• **EXTRACTED RECORDS**:
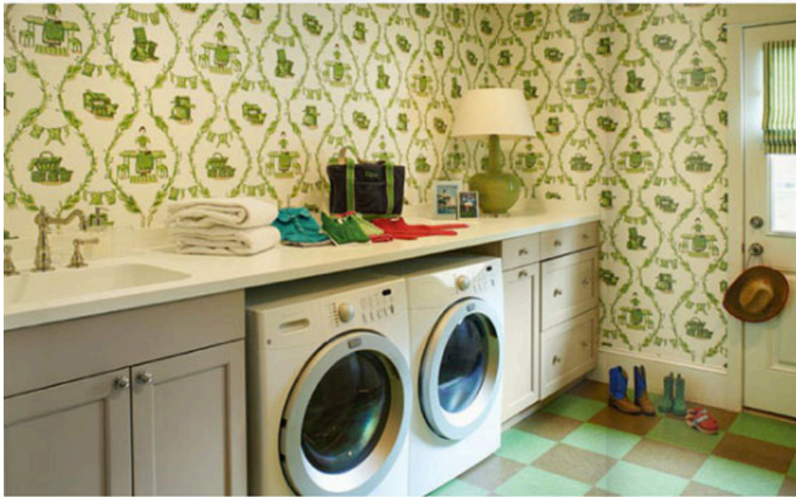
The page features a kitchen with a patterned wallpaper, a white countertop, a white washing machine and a white dryer. The room is bright and airy, with a white door and a window with a striped curtain. A hat hangs on the door. Next Page: A main floor popcorn bucket storage area, a main floor popcorn bucket storage area, a main floor popcorn bucket storage area, a main floor popcorn bucket storage area.
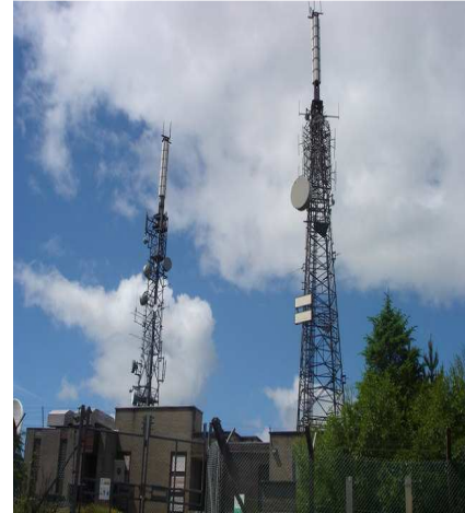
Digital TV and Radio Transmission Towers

As an example, from our office in Livonia, we are on average 12 miles from 7 of the broadcast towers. This is a relatively short distance from numerous towers and exposure to a sudden increase in unnatural, man-made microwave radiation. According to several prominent physicians in Germany, they found that people were experiencing health problems from only 2 digital TV transmitter towers over a 20 Km radius (over 12 miles). But again, if you can receive a signal you are being exposed to radiation, regardless of distance. When we take into account the significant number of local stations, all at full strength, at the same time, in more or less the center of the Metro Detroit area where most of the population will be in close proximity, then we have a true cause for concern. This is ultimately the crux of the Digital TV problem from the health and biological perspective.
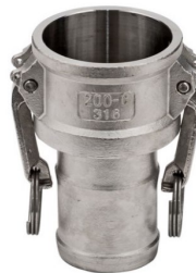
nerezová ocel AISI 316
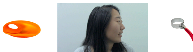
Fig. 1. Example of stimuli used in the learning phase. A speaker turned her head to label each object in sequence. These labeling utterances were embedded in brief, content-neutral discourses about each object (e.g., “I like the shape”).

Children participated in this study from their homes on either a smartphone or tablet, and an experimenter interacted with the child
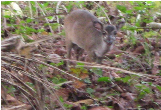
Plate 3: The maxwell's duiker along the forest margin habitat of Arakhuan Range (ONP)
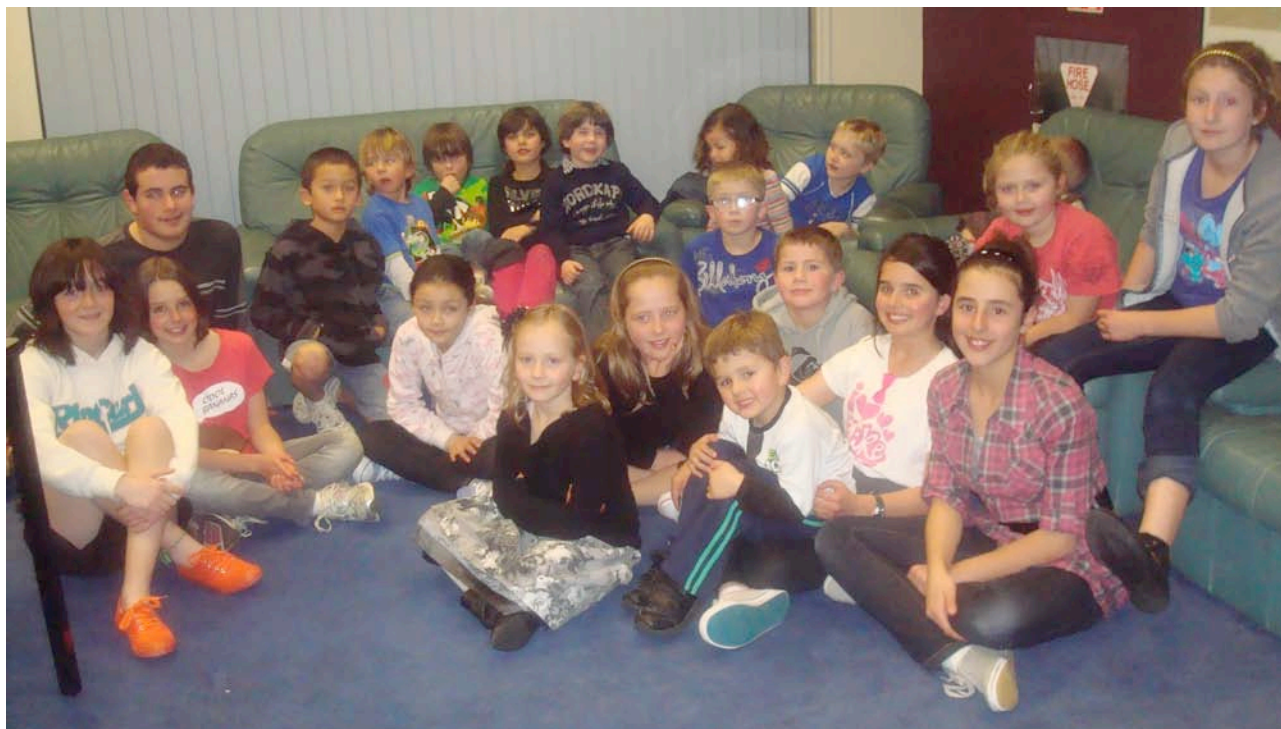
Some of our young Garibaldini at Family Night
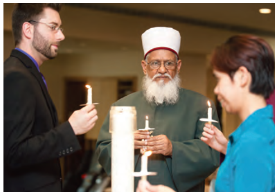
Memorial service prior to the COVID-19 shutdown.
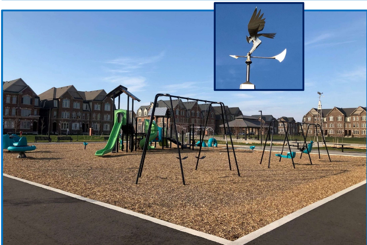
PARK BLOCK 323 PLAYGROUND AND OWL SCULPTURE (PUBLIC ART)
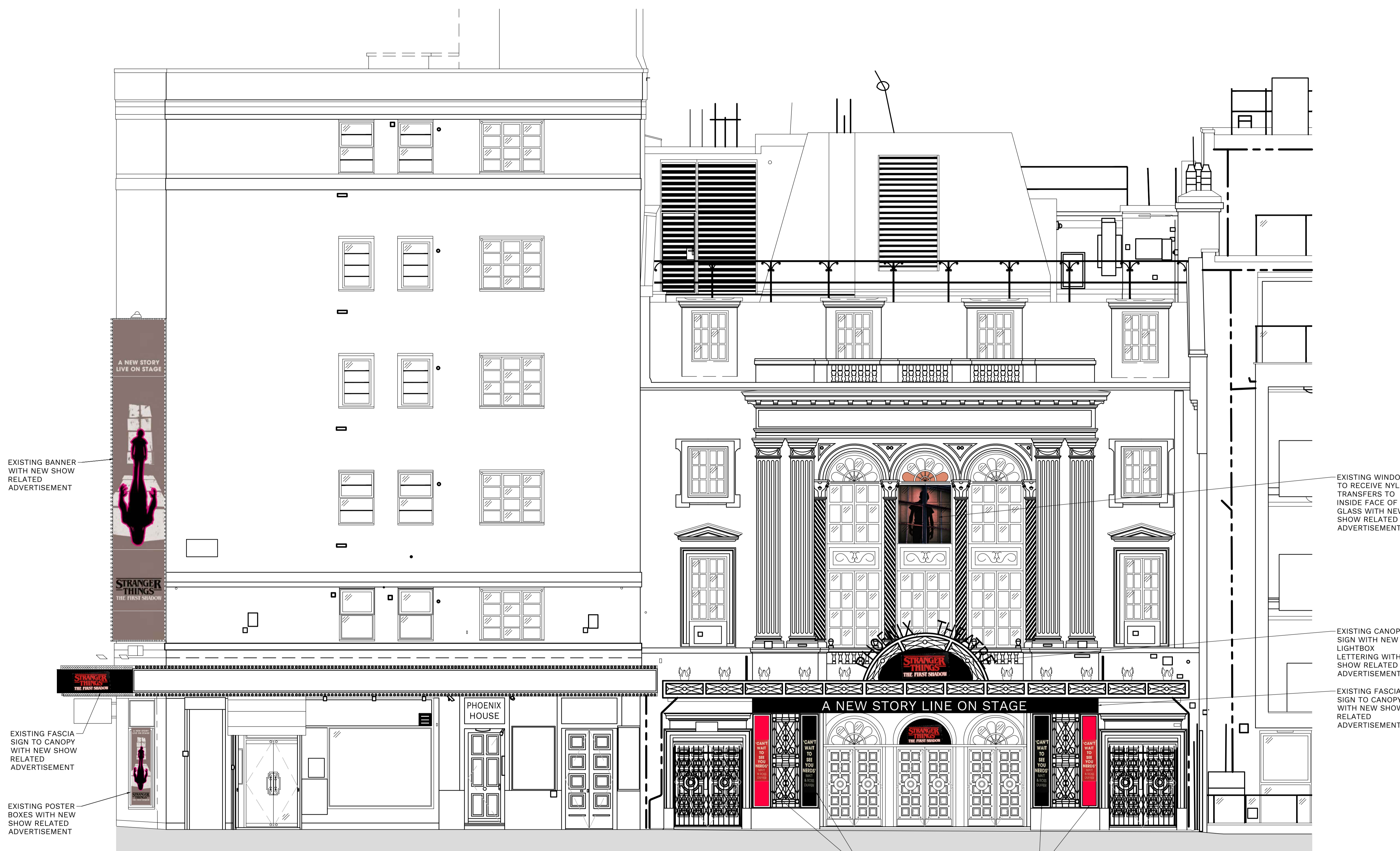
PROPOSED PHOENIX STREET ELEVATION (SCALE 1:50 AT A1)
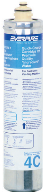
4C Replacement Cartridge: EV9600-00 (1-pack) EV9601-00 (6-pack)

Delivers premium quality water for cold cup vending applications
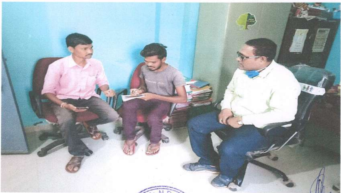
Student along with concern teacher taking interview of villegers
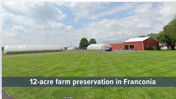
12-acre farm preservation in Franconia

With your concerns in mind, I proposed legislation which would amend the Open Space Act to make sure municipalities could not use preserved space for any new project, no matter the way or reason the municipality acquired the land. This legislation was introduced as House Bill 1734, but the language is currently being rewritten so it works for the entire Commonwealth and garners support from all House members. However, it is a crucial first step to expanding our protections for open space and preserved land in Pennsylvania. I will continue to listen to my constituents on every matter that is important to you, and if there is legislative action I can take on the issue, I will do so.
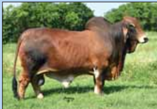
Sire, Mr. Fontenot 333

When we were selecting our offering, we couldn't decide between Rosemary and her sister lot 7 so we decided to offer them both and let you make the decision. Just like her sister, Rosemary offers the complete package combining eye appeal, balance, volume, muscle and bone. This is another opportunity to buy a daughter from Mr. Fontenot 333 "Rufus" the 2016 ABBA International Champion Red Bull that is doing us such a great job. Her dam is a paternal half sister to the leading donor Aspe that has produced show winners and top sellers alike. When purchasing females at this age you have to consider not only how they will show but the impact that they will play in your herd. With the pedigree and maternal traits that Rosemary offers we would have to think that she will be one that will be a big time donor!
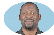
Dr. Adrian Griffin: Head Coach of the Milwaukee Bucks
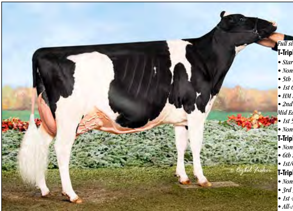
T-TRIPLE-T PHANTOM EX-92 EX-MS DAM OF LOT 42
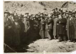
First Shovel Of Dirt Moved On Grand Valley Project (F732.4)
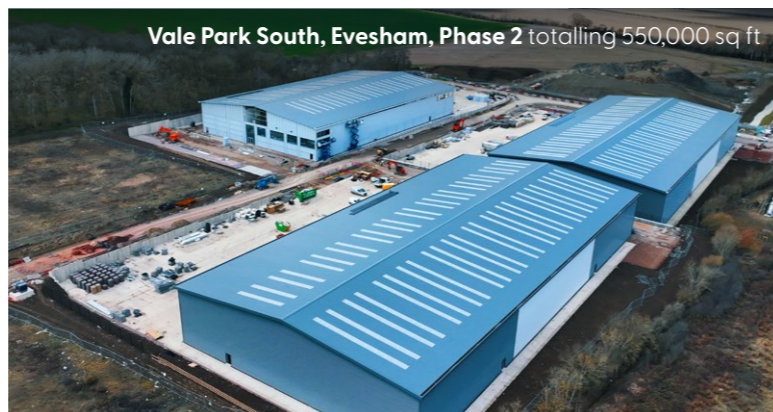
Vale Park South, Evesham, Phase 2 totalling 550,000 sq ft
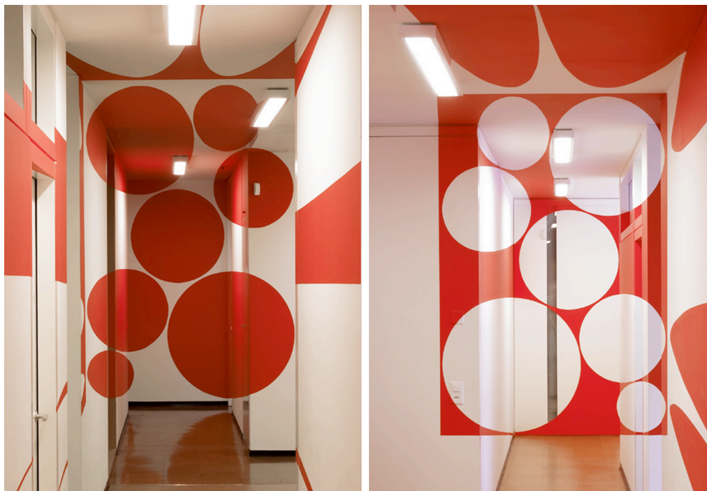
Figure 4. Felice Varini, Tra il pieno e il vuoto, Collezione oncologia Varini&Calderoni, Lugano, 2003

What is more, the fact of placing painting upon architecture creates in his work rather unique oppositions and connections: tensions between content and form, concrete space and abstract space, between two-dimensionality and three-dimensionality.

• **WHAT IS NEEDED**:
Collect the lines of the records that include the string "have".

• **RESPONSE AREA**:
As an example, from our office in Livonia, we are on average 12 miles from 7 of the broadcast towers. This is a relatively short distance from numerous towers and exposure to a sudden increase in unnatural, man-made microwave radiation. According to several prominent physicians in Germany, they found that people were experiencing health problems from only 2 digital TV transmitter towers over a 20 Km radius (over 12 miles). But again, if you can receive a signal you are being exposed to radiation, regardless of distance. When we take into account the significant number of local stations, all at full strength, at the same time, in more or less the center of the Metro Detroit area where most of the population will be in close proximity, then we have a true cause for concern. This is ultimately the crux of the Digital TV problem from the health and biological perspective.
When we were selecting our offering, we couldn't decide between Rosemary and her sister lot 7 so we decided to offer them both and let you make the decision. Just like her sister, Rosemary offers the complete package combining eye appeal, balance, volume, muscle and bone. This is another opportunity to buy a daughter from Mr. Fontenot 333 "Rufus" the 2016 ABBA International Champion Red Bull that is doing us such a great job. Her dam is a paternal half sister to the leading donor Aspe that has produced show winners and top sellers alike. When purchasing females at this age you have to consider not only how they will show but the impact that they will play in your herd. With the pedigree and maternal traits that Rosemary offers we would have to think that she will be one that will be a big time donor!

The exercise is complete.